Honorarios notariales y derechos de registro: lo que realmente cuesta el acto de venta
El paso por el notario representa un gasto a menudo subestimado en un proyecto inmobiliario en Bélgica. Los honorarios notariales están regulados por el Estado y generalmente rondan entre el 1 y el 2 % del precio de compra, a los que se añade el IVA. No es ahí donde se encuentra el peso financiero principal.
Los derechos de registro constituyen la carga más pesada. Su tasa varía según la Región: Flandes, Valonia y Bruselas aplican cada una su propia escala, con posibles reducciones para una primera compra. La diferencia entre Regiones puede representar varios miles de euros en una misma transacción.
- En Flandes, existe una tasa reducida para la vivienda propia y única, bajo condiciones de ingresos y ocupación de la propiedad en un plazo específico.
- En Bruselas, se aplica una reducción sobre el primer tramo del precio de compra para los compradores primerizos, lo que reduce la factura sobre las propiedades cuyo precio se mantiene por debajo de un cierto umbral.
- En Valonia, también se aplican reducciones, pero las condiciones de elegibilidad y los límites difieren significativamente de las de las otras dos Regiones.
Cada Región aplica sus propios derechos de registro y reducciones, lo que hace que cualquier estimación nacional sea engañosa. Una compra en Lieja y una compra en Bruselas, a precio idéntico, no generan los mismos gastos.
Mercado bruselense contra ciudades valonas: dónde los precios divergen más
El aumento medio de los precios de las casas en Bélgica, que alcanzaba 346 648 euros de media nacional en el primer semestre de 2025, oculta discrepancias considerables. El mercado bruselense sigue siendo el más caro del país, con una presión sobre los apartamentos que no disminuye a pesar de la normalización general.
En cambio, ciudades como Lieja, Namur o los municipios de la provincia de Luxemburgo atraen a un número creciente de compradores, incluidos inversores franceses seducidos por precios notablemente más bajos que en Île-de-France. Esta dinámica transfronteriza modifica la competencia local y eleva los precios en ciertos barrios bien comunicados.
La localización precisa marca la diferencia. Proximidad a los transportes, servicios de barrio y nivel de molestias pesan ahora tanto como la superficie en la evaluación de una propiedad. Un apartamento bien situado en una ciudad media valona puede ofrecer una mejor perspectiva de valorización que una propiedad excéntrica en Bruselas.

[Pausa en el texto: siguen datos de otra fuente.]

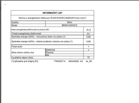 | Objem trouby L | 72 |
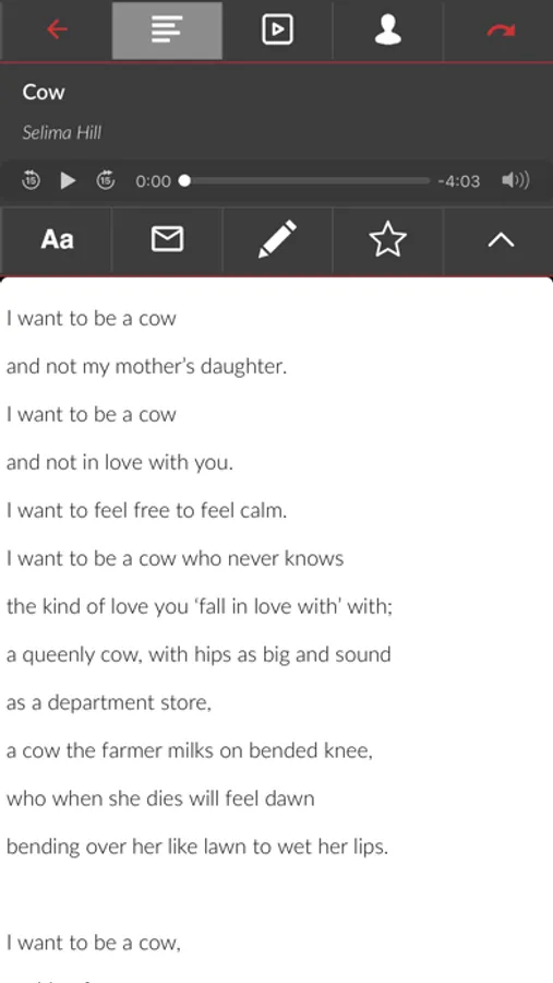 After reading, listening to, or watching a poem, the app currently allows you to share poems and recommendations via social media and email, add the poet to your Favourites list, or tag the poem with themes. You can also change how the poem appears on the screen using the Display option.

Rentabilidad locativa: el PEB como filtro de inversión
Para una inversión locativa, el certificado PEB ya no es un simple documento administrativo. En Bruselas, los requisitos reforzados en 2026 significan que una propiedad mal clasificada puede volverse difícil de alquilar legalmente sin trabajos previos. Este riesgo regulatorio se suma al riesgo financiero clásico.
Una propiedad con una buena puntuación PEB se alquila más rápido y mantiene mejor su valor a la reventa. Los compradores que integran este criterio desde la búsqueda evitan una trampa costosa. Por el contrario, adquirir una propiedad a bajo precio sin verificar su clasificación energética equivale a apostar por un presupuesto de renovación incierto.
Optimizar su financiación: el préstamo hipotecario en Bélgica
El costo del crédito vuelve a ser central en los arbitrajes de los hogares belgas. Comparar las ofertas de préstamo hipotecario entre varias entidades bancarias sigue siendo el método más directo para reducir el costo total de una compra inmobiliaria. Las diferencias de tasas, incluso mínimas, se traducen en diferencias significativas en la duración total del reembolso.
La capacidad de endeudamiento depende de la relación entre los ingresos netos, las cargas existentes y el aporte personal. Los bancos belgas también evalúan la cuota, es decir, el porcentaje del precio de la propiedad cubierto por el préstamo. Un aporte personal más alto permite obtener una tasa más favorable, lo que reduce mecánicamente el costo global de la operación.
Varios análisis recientes subrayan que los jóvenes hogares belgas renuncian cada vez más a convertirse en propietarios, precisamente debido a esta combinación precio-tasa-ahorro. Para aquellos que disponen de un aporte suficiente, este período de menor competencia puede paradójicamente constituir una ventana de compra favorable, siempre que se apunte a una propiedad cuyo binomio localización-PEB justifique el precio solicitado.